Hello everyone, I have a significant amount of PT left over from a deck project I did a year ago. I was considering ripping it down to width, face glue together and squaring it to use as a new bench (top and bottom).

My question is: The chemicals that are in the wood, if I seal it with a BLO or poly will it mar the wood placed on top or any adverse effects of it being treated in this use? I am also considering an MDF top over the PT.

Thanks, look forward to your comments!


----------



## Samyer (Sep 26, 2007)

Outside shouldn't be a problem (except for the MDF). Inside, I would be more concerned about the effects to humans with the pressure-treatment chemicals rather than any adverse effects to the finish. Personally, I would not use ANY pressure treated material inside, but that's just me.


----------



## PurpLev (May 30, 2008)

I would not use any PT material for anything that I come in contact with on a regular basis. nor anything indoor.


----------



## DustyPiper (Apr 9, 2009)

Thanks, I did some research on the "fumes" part for having it inside and the majority of what I have read and found states that it is commonly used throughout most new construction were wood comes in contact with concrete, including heated spaces. My shop is in my garage and the bench will be sitting on the conrete so I was definitely going to use it for the base structure. As for the "fumes," what I have found is that unless you burn it or put something hot on it that will produce smoke there is minimal to no adverse "fumes." The stuff I have has been sitting outside for a year and is definitely dried and "aired" out. I do however agree with you PurpLev about touching it and that is why I was going to put a finish on it. The thought behind the BLO is that it hardens within the wood, and is not just a topical like a poly, and that it would provide a barrier from direct contact.

Thanks again!


----------



## daltxguy (Sep 7, 2007)

I agree with Purplev - don't use it for anything indoors or for anything you come into daily contact with. If you can, avoid ripping this kind of wood unless you take precautions about breathing the dust ie: wear a mask and dispose of the sawdust in the garbage, not your compost.


----------



## craftsman on the lake (Dec 27, 2008)

Hmm.. here in the north country it's all we've got for outside stuff. Every house has a pressure treated deck. Any naturally weather good wood is special order. No redwood here and cedar pretty much for shingles. The dangerous arsenic stuff was discontinued in 2003 per FDA order.

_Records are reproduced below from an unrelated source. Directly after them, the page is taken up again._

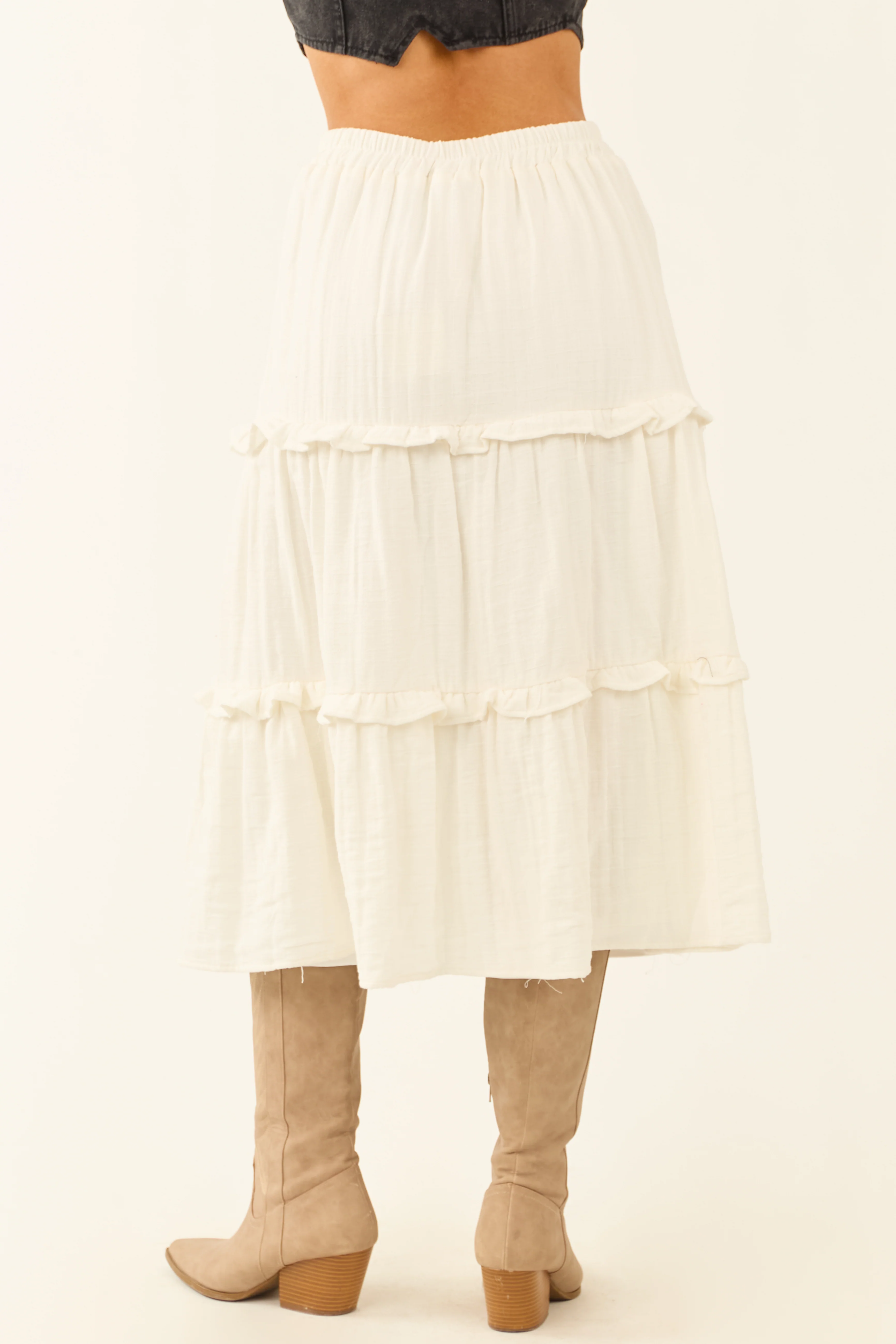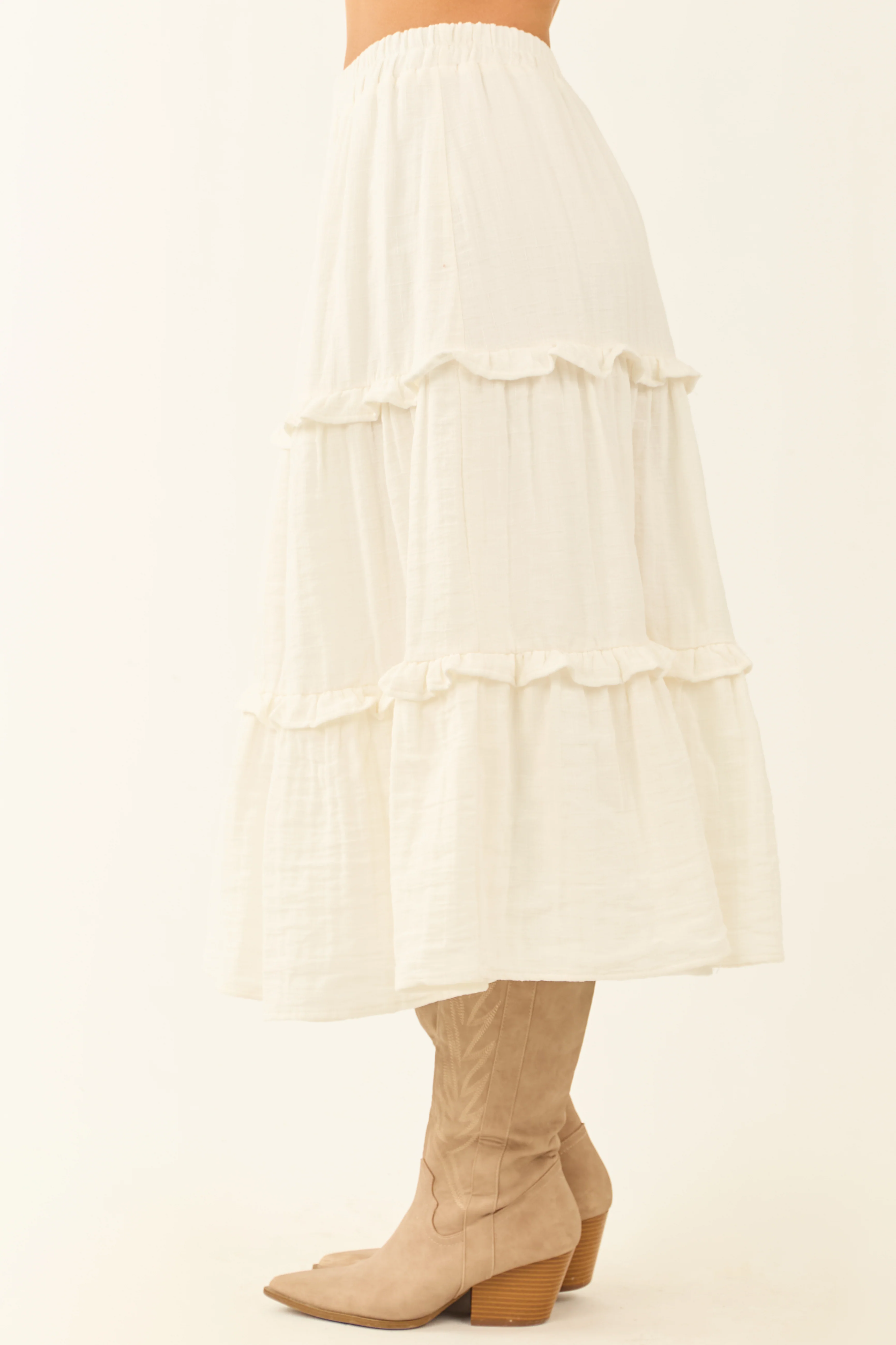 Ivory Tiered Frill Smocked Waist Midi Skirt
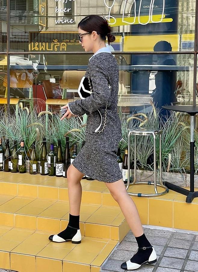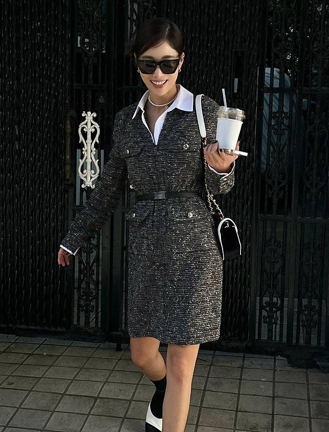 고급스러운 트위드 텍스처와 세련된 컬러가 특징이며 기은세는 벨티드 스타일링으로 날씬해 보이는 패셔니스타의 면모를 마음껏 뽐냈다.
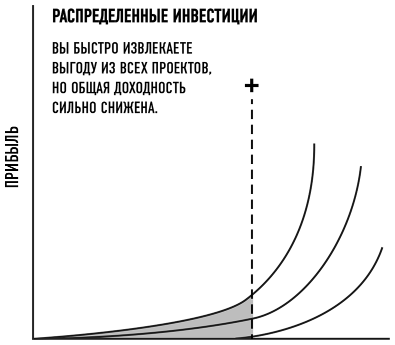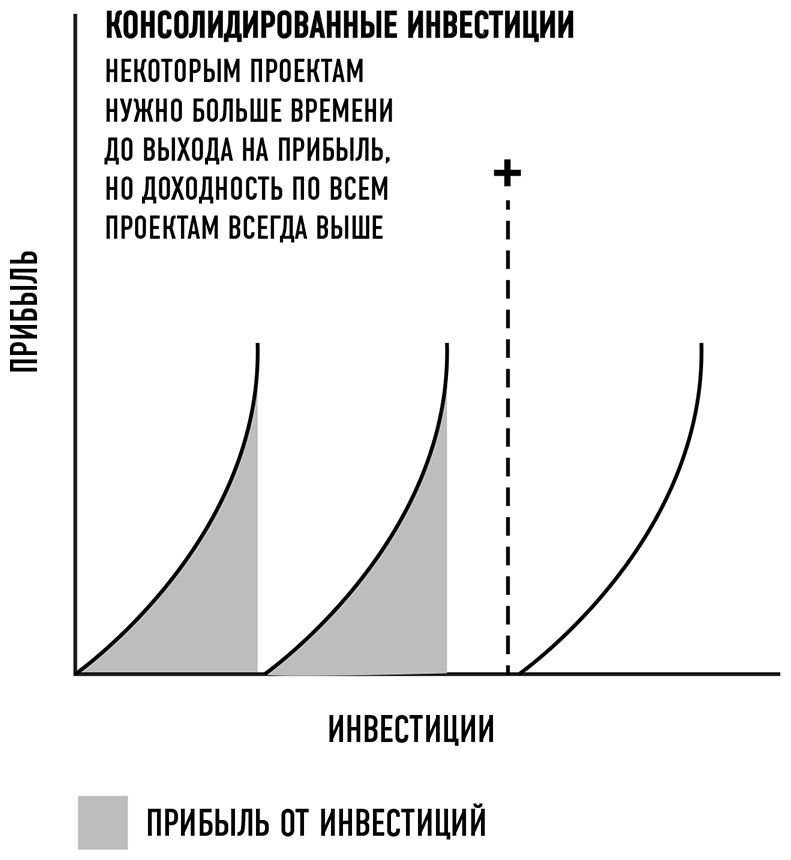 Рисунок 2.5. Прибыль при консолидации инвестиций по сравнению с распределением инвестиций.
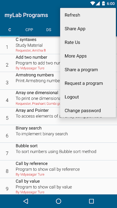 This app contains C, C++, Java, Unix Programs for computer students of school, colleges
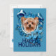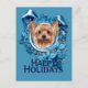 Das ist ein wunderschönes Weihnachtsgeschmacksdesign namens Blue Snowflakes mit einem Yorkshire Terrier Hund.

It was called (CCA-chromated copper arsenate) the newer stuff, ACQ it is an advanced copper preservative system and is arsenic and chromium free. I contains no EPA listed hazardous chemicals.
Pressure treated lumber got a bad and deserved rap in it's old version. Some people still think it's bad for you but the newer stuff (for several years now) is harmless.

An interesting side note: deck boards used to be full of knots. Since they started producing the new composite materials for decks the pressure treated folks are shipping some pretty clear lumber now to compete. But, here in the north it's made with southern yellow pine and shipped to us. It's ok for decks but it splinters and splits easily.


----------



## stefang (Apr 9, 2009)

I don't know much about pressure treated wood in the U.S., But I do know that here in Norway PT wood is poorer quality. I have been told that this is because it is more porous and therefore lends itself better to pressure treatment.


----------